----- Dataset extract
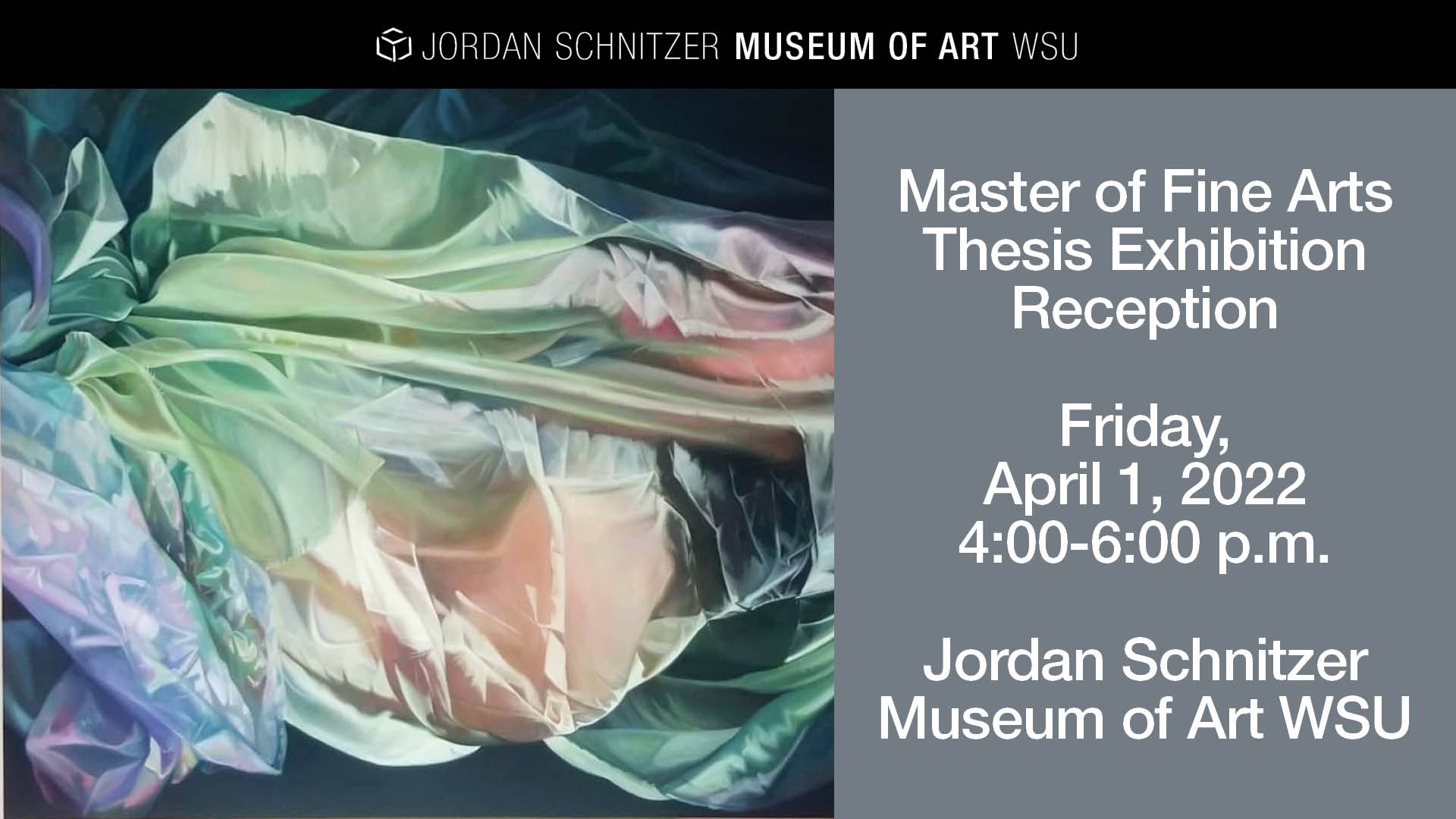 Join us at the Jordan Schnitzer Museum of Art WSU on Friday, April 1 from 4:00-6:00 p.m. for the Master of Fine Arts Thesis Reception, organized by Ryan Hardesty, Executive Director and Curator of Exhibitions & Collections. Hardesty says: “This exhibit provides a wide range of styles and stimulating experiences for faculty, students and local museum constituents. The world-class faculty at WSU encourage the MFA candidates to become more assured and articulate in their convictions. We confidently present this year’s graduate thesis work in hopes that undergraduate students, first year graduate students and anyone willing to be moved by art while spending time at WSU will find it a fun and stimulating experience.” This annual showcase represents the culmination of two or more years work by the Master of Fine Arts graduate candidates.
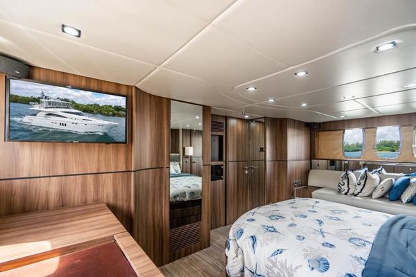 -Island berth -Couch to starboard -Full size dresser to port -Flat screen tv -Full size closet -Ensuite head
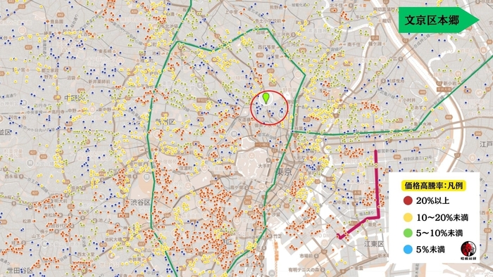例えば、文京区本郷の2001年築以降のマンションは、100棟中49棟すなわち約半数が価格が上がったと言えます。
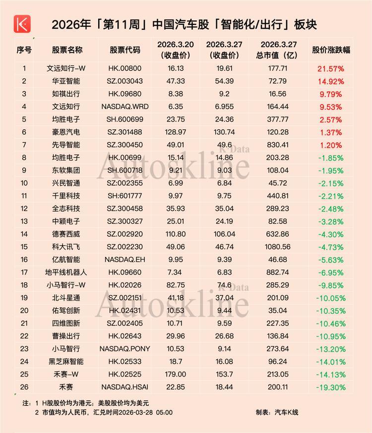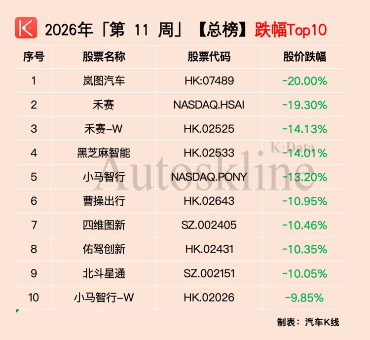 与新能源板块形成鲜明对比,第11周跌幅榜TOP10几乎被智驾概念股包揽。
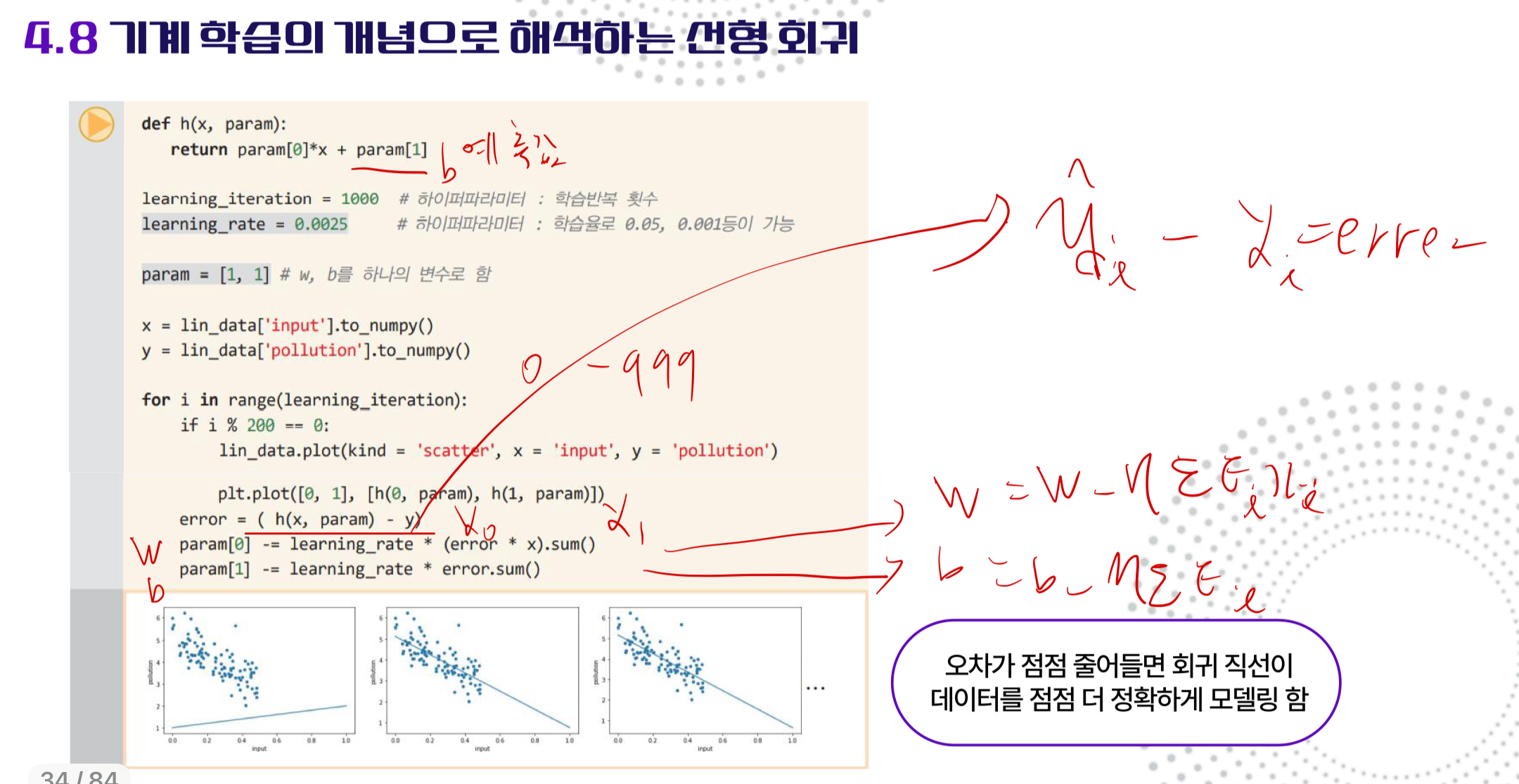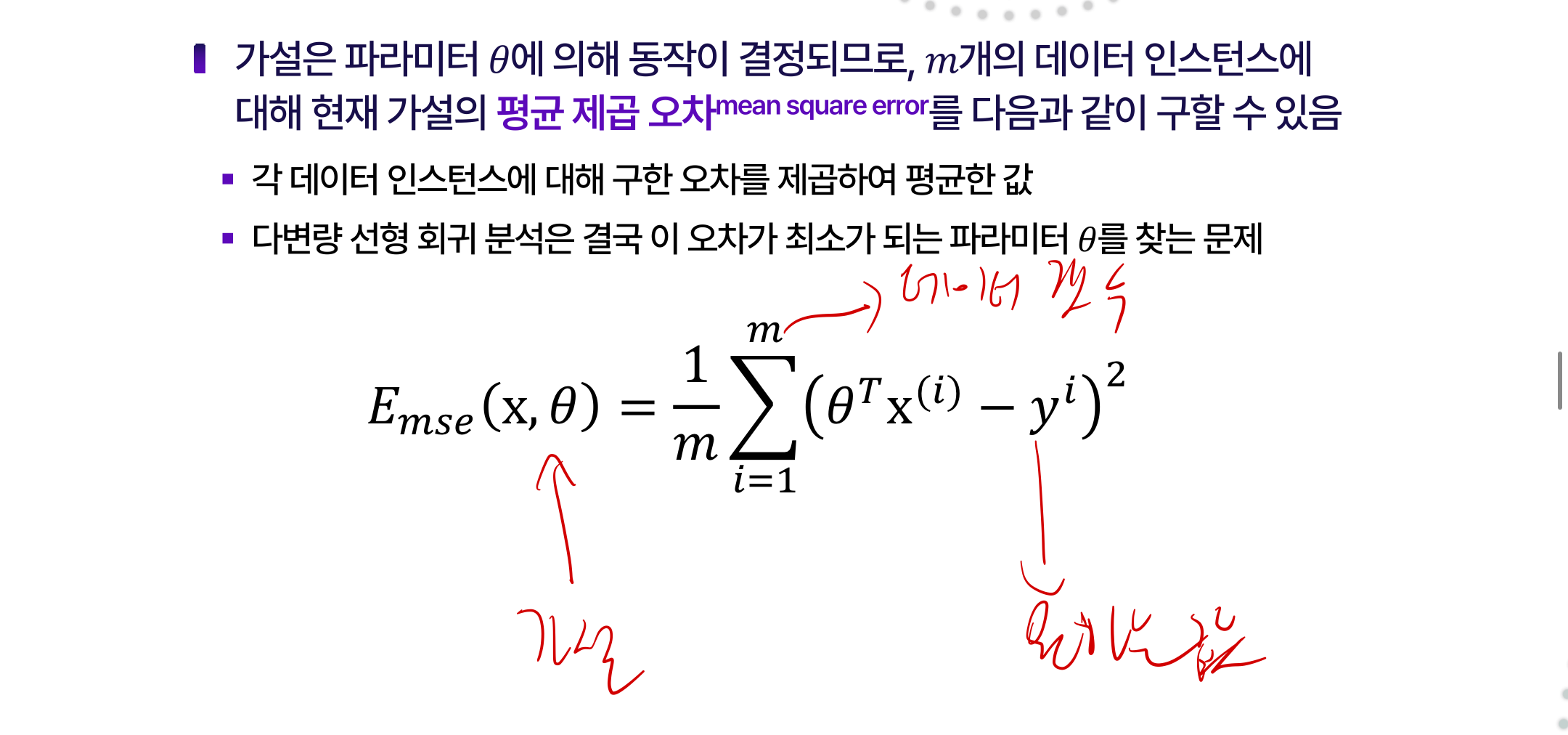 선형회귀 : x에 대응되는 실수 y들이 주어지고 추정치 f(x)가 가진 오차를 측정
----------
----- Dataset extract
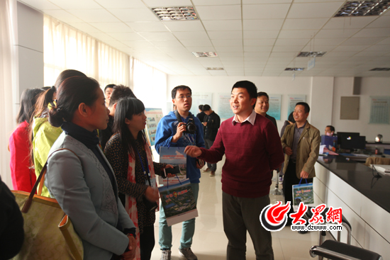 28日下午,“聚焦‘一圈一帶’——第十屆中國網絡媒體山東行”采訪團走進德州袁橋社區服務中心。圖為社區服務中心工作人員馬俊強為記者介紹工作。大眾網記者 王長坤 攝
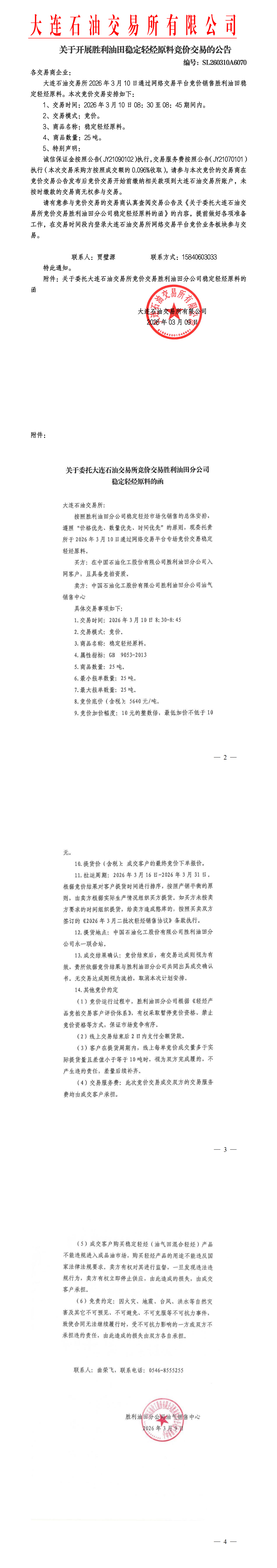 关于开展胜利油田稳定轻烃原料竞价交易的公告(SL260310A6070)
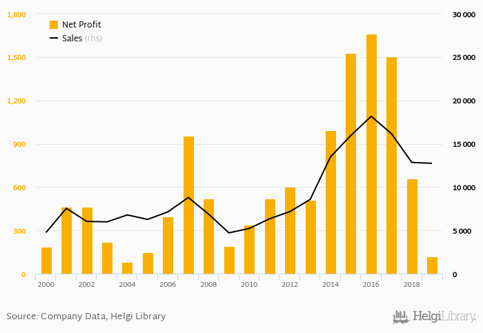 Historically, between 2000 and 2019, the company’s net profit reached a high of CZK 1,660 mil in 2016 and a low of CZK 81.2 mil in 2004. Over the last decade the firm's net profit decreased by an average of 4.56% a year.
----------
Prompt – Nothing outside the stretch above, from the line with "Join us at the" through the line with "선형회귀 : x에 대응되는", is set down. Transcribe that stretch exactly, ends included, but not its pictures.

Problem solution –
 Join us at the Jordan Schnitzer Museum of Art WSU on Friday, April 1 from 4:00-6:00 p.m. for the Master of Fine Arts Thesis Reception, organized by Ryan Hardesty, Executive Director and Curator of Exhibitions & Collections. Hardesty says: “This exhibit provides a wide range of styles and stimulating experiences for faculty, students and local museum constituents. The world-class faculty at WSU encourage the MFA candidates to become more assured and articulate in their convictions. We confidently present this year’s graduate thesis work in hopes that undergraduate students, first year graduate students and anyone willing to be moved by art while spending time at WSU will find it a fun and stimulating experience.” This annual showcase represents the culmination of two or more years work by the Master of Fine Arts graduate candidates.
 -Island berth -Couch to starboard -Full size dresser to port -Flat screen tv -Full size closet -Ensuite head
例えば、文京区本郷の2001年築以降のマンションは、100棟中49棟すなわち約半数が価格が上がったと言えます。
 与新能源板块形成鲜明对比,第11周跌幅榜TOP10几乎被智驾概念股包揽。
 선형회귀 : x에 대응되는 실수 y들이 주어지고 추정치 f(x)가 가진 오차를 측정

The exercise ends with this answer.